_Prompt_. Pictures must not appear; the answer is exactly the lines from the one that holds "- Click Save." through the end of the material.

====== Collected data ======

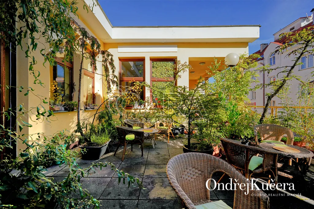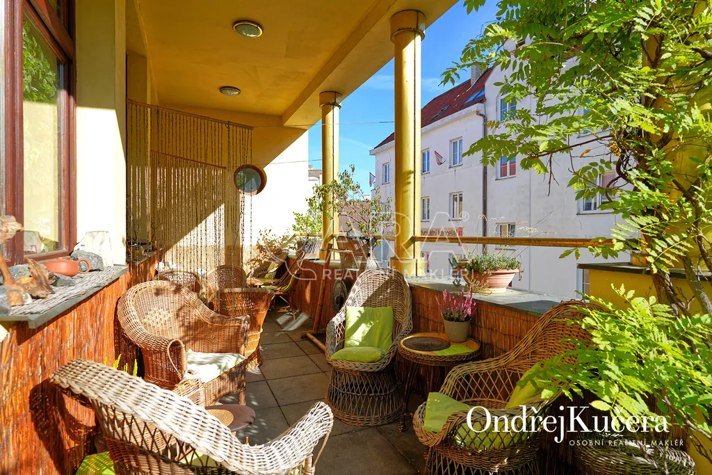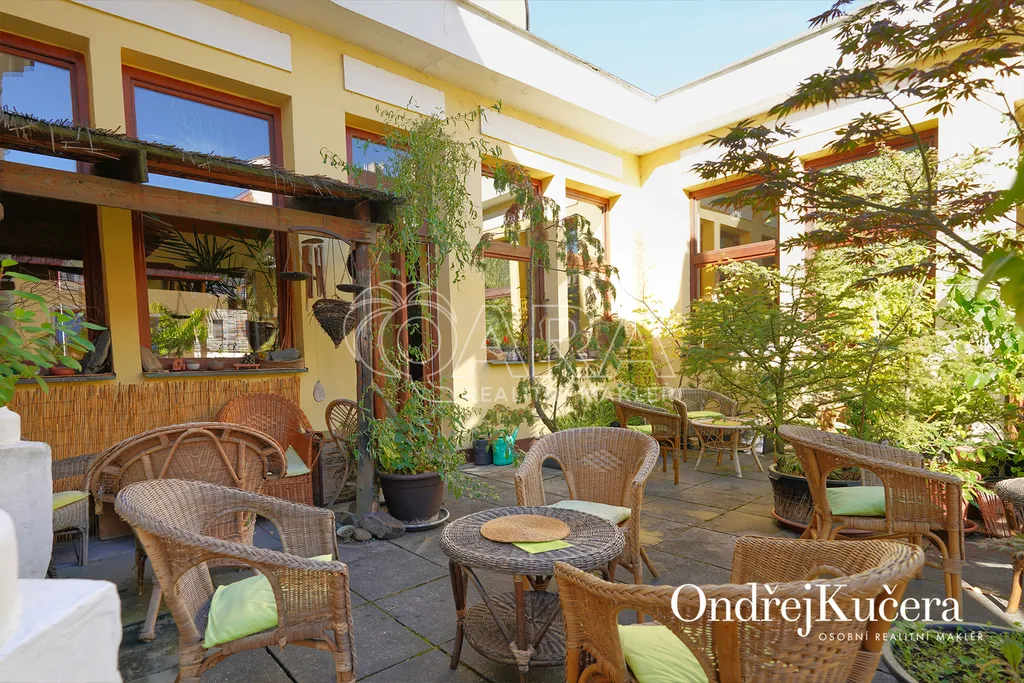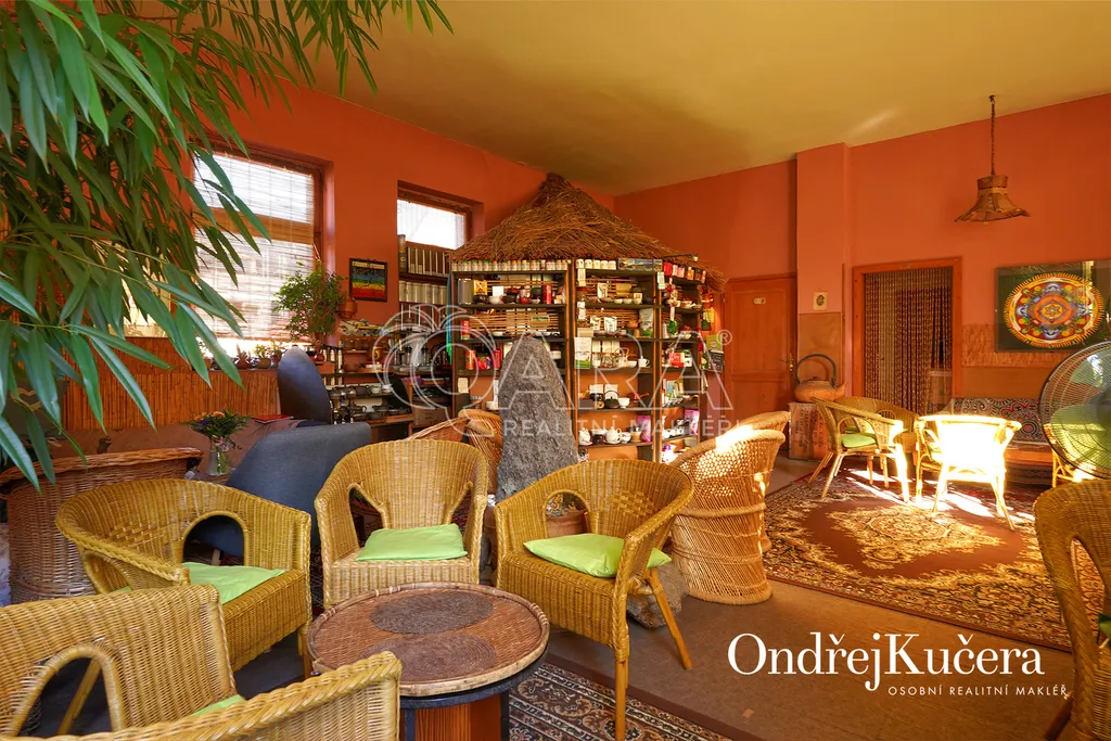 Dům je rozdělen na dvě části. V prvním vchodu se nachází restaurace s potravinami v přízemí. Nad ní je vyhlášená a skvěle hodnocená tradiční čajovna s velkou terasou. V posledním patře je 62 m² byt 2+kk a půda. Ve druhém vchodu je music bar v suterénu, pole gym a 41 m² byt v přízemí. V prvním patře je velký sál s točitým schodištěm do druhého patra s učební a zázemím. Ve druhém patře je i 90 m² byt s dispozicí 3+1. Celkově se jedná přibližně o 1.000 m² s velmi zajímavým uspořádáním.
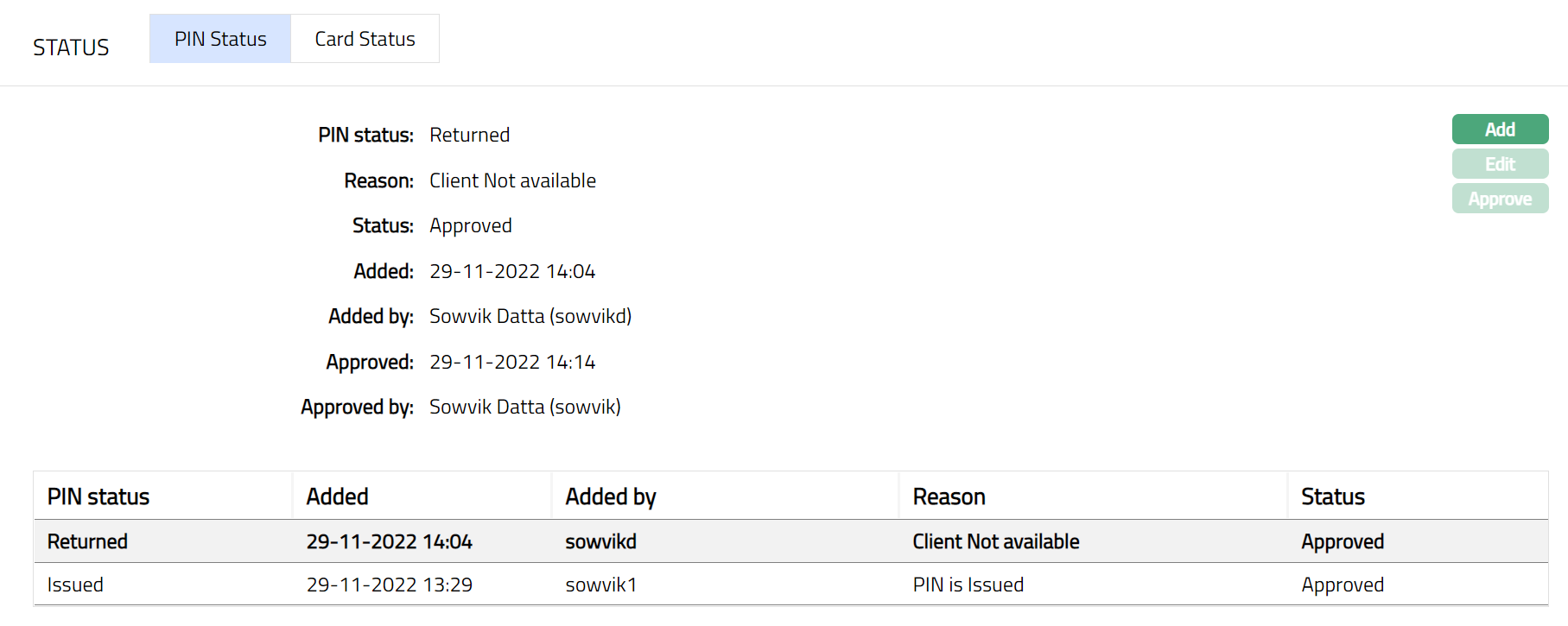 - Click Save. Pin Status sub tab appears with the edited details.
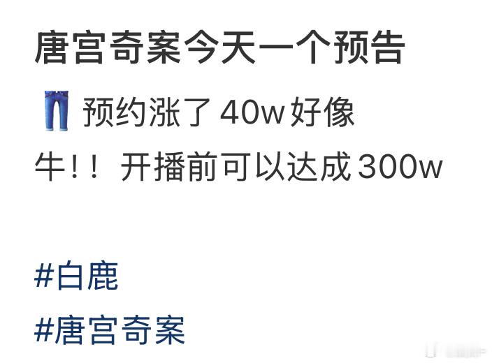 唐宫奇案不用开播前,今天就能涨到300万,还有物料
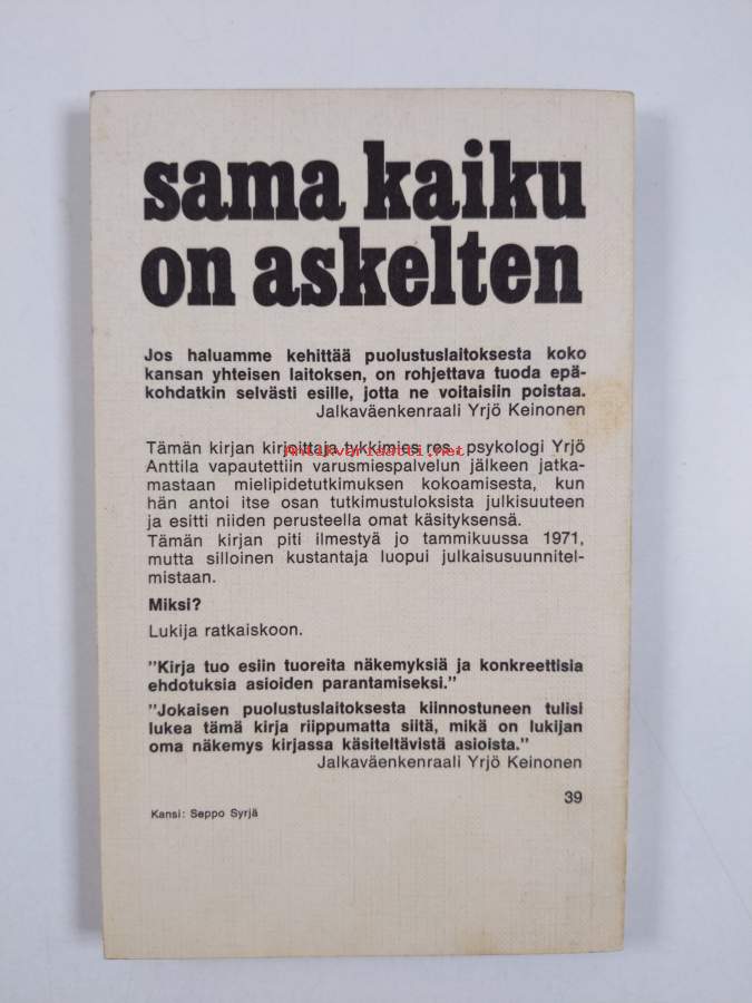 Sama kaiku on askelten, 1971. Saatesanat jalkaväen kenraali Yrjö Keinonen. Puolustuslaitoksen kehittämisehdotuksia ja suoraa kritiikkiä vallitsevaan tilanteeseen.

======

_Answer_.
 - Click Save. Pin Status sub tab appears with the edited details.
 唐宫奇案不用开播前,今天就能涨到300万,还有物料
 Sama kaiku on askelten, 1971. Saatesanat jalkaväen kenraali Yrjö Keinonen. Puolustuslaitoksen kehittämisehdotuksia ja suoraa kritiikkiä vallitsevaan tilanteeseen.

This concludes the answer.